[R] p-level in packages mgcv and gam

Mon Sep 26 18:25:04 CEST 2005

Hi,

I am fairly new to GAM and started using package mgcv. I like the  
fact that optimal smoothing is automatically used (i.e. df are not  
determined a priori but calculated by the gam procedure).

But the mgcv manual warns that p-level for the smooth can be  
underestimated when df are estimated by the model. Most of the time  
my p-levels are so small that even doubling them would not result in  
a value close to the P=0.05 threshold, but I have one case with P=0.033.

I thought, probably naively, that running a second model with fixed  
df, using the value of df found in the first model. I could not  
achieve this with mgcv: its gam function does not seem to accept  
fractional values of df (in my case 8.377).

So I used the gam package and fixed df to 8.377. The P-value I  
obtained was slightly larger than with mgcv (0.03655 instead of  
0.03328), but it is still < 0.05.

Was this a correct way to get around the "underestimated P-level"?

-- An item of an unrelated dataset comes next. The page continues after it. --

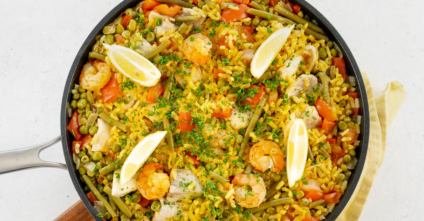 Na konci do pánve přidáme kousky ryby a krevety, promícháme, přiklopíme a velmi pomalu dusíme dalších 15 minut. Pokud by se nám obsah pánve vysušil, podlijeme ještě trochou vývaru navíc. Hotovou paellu zdobíme najemno nasekanou petrželkou a dílky citronu.
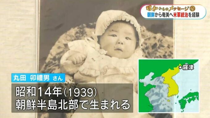 丸田さんは第二次世界大戦が勃発した昭和14年、当時、日本の植民地だった朝鮮半島北部の港町・羅津で生まれました。両親は奄美大島出身。3人きょうだいの末っ子で、父親は満鉄の技師でした。

Furthermore, although the gam.check function of the mgcv package  
suggests to me that the gaussian family (and identity link) are  
adequate for my data, I must say the instructions in R help for  
"family" and in Hastie, T. and Tibshirani, R. (1990) Generalized  
Additive Models are too technical for me. If someone knows a  
reference that explains how to choose model and link, i.e. what tests  
to run on your data before choosing, I would really appreciate it.

Thanks in advance,

Denis Chabot